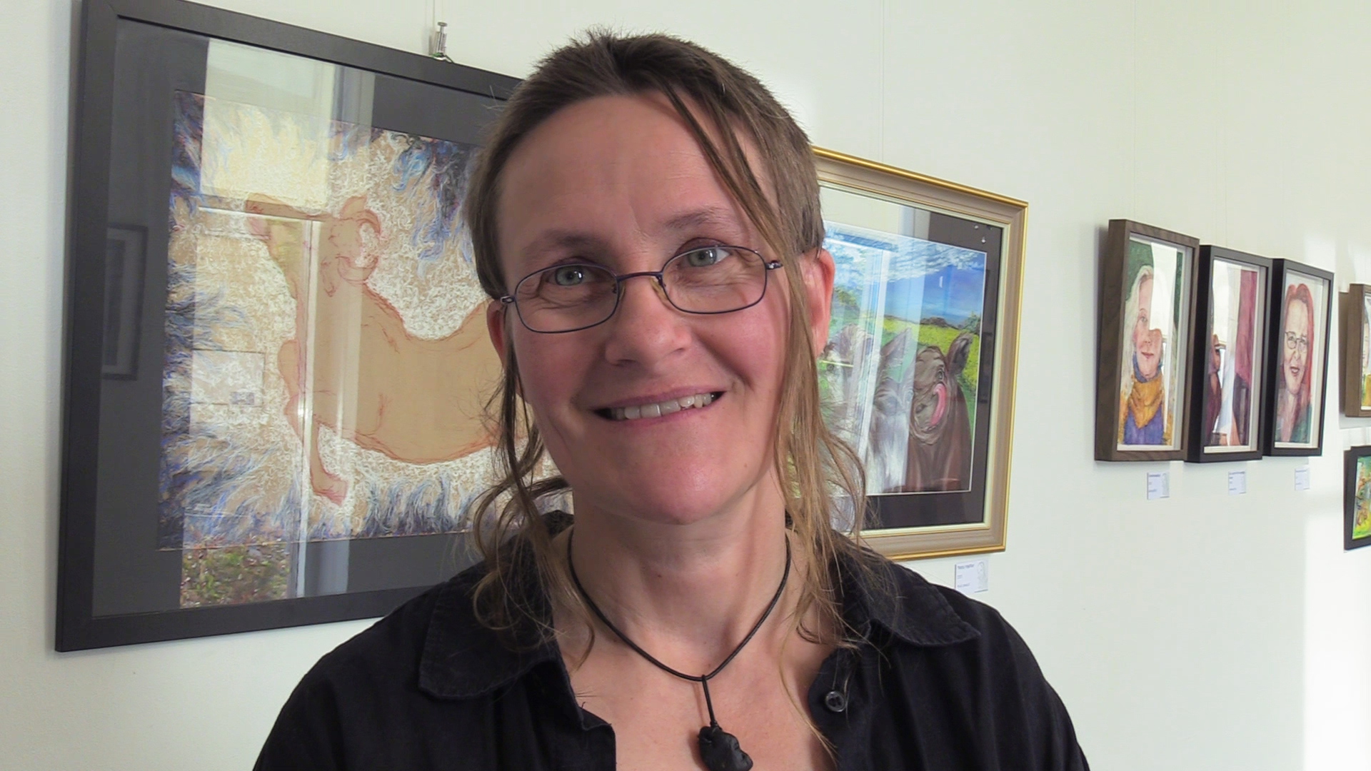 Miia Berg, född i Valsberg men numera bosatt i Åbotrakten, har av konstklubben utsetts till årets konstnär. På lördagen hade hon vernissage i konsthallen med många tavlor upphängda och många besökare på plats.
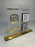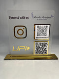 Elevate your boutique’s presence with this Customized Social Media & UPI QR Table Stand, thoughtfully designed for Maasha Boutique by Monika Khurana. This elegant display features a metallic gold Instagram logo and dual QR codes for instant social media connection and seamless UPI payments, combining modern convenience with refined aesthetics.
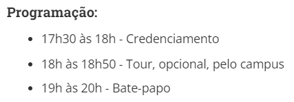 Ok, agora que vocês já sabem o que esperar da semana de boas-vindas, vamos à programação:
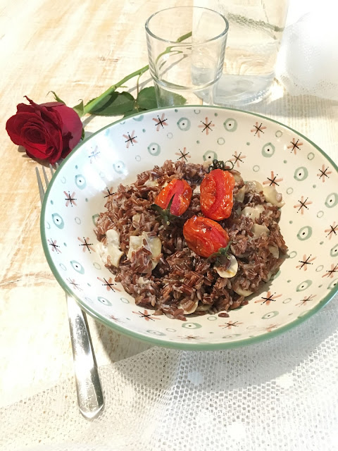 Il procedimento è semplicissimo, per prima cosa lavare i pomodorini e metterli in fono a 180°C conditi con sale, pepe, uno spicchio di aglio schiacciato e un filo d’olio finché non saranno appassiti. Ci vorranno circa 20-30 minuti. Eventualmente questi il potete preparare anche il giorno prima. Pulire e tagliare i funghi. Saltare questi ultimi a fuoco alto con uno spicchio di aglio e olio evo. A cottura terminata salare e pepare a piacere. Bollire il riso e mantecarlo poi con i funghi e la ricotta (o la panna di soia). Servire con i pomodorini al forno e del timo fresco.
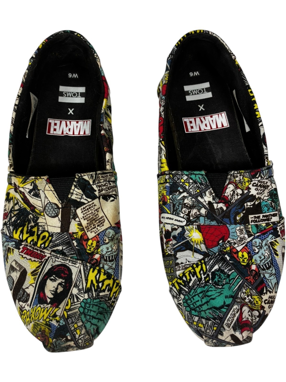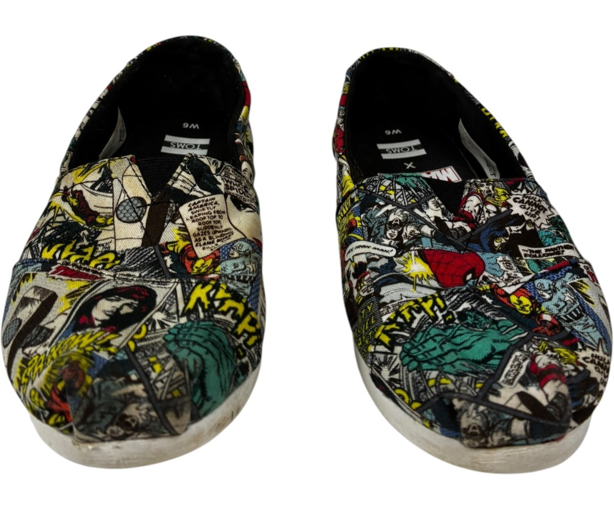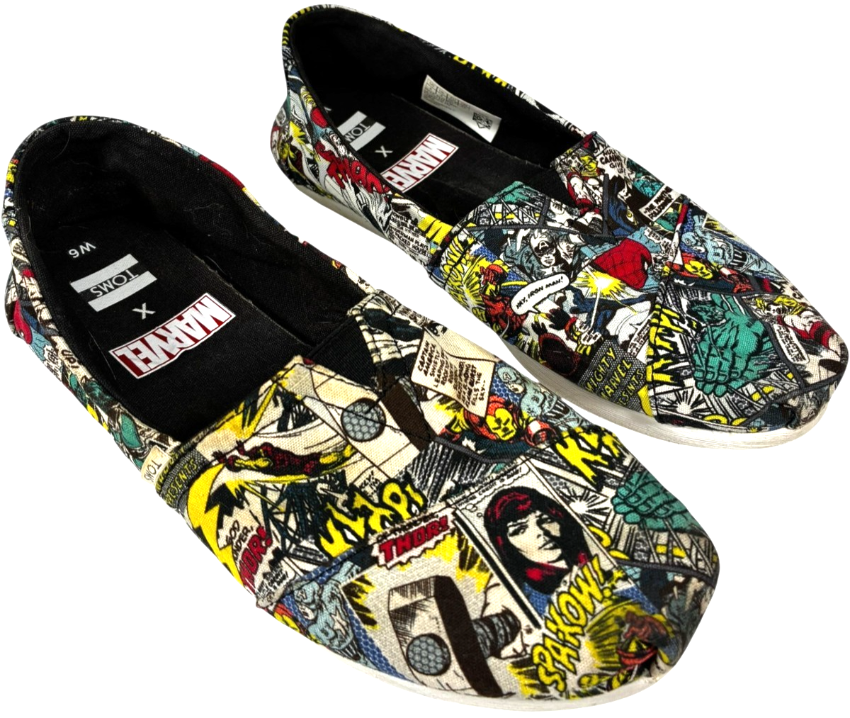 TOMS X MARVEL Women's Black Multi Marvel Comic Pop Print Classic Shoes size 6
-------------------------
EXERCISE GOAL: Nothing but the lines from the first line of the data above through the line holding "Elevate your boutique’s" may appear in the response, copied exactly and without pictures.

YOUR RESPONSE:
 Miia Berg, född i Valsberg men numera bosatt i Åbotrakten, har av konstklubben utsetts till årets konstnär. På lördagen hade hon vernissage i konsthallen med många tavlor upphängda och många besökare på plats.
 Elevate your boutique’s presence with this Customized Social Media & UPI QR Table Stand, thoughtfully designed for Maasha Boutique by Monika Khurana. This elegant display features a metallic gold Instagram logo and dual QR codes for instant social media connection and seamless UPI payments, combining modern convenience with refined aesthetics.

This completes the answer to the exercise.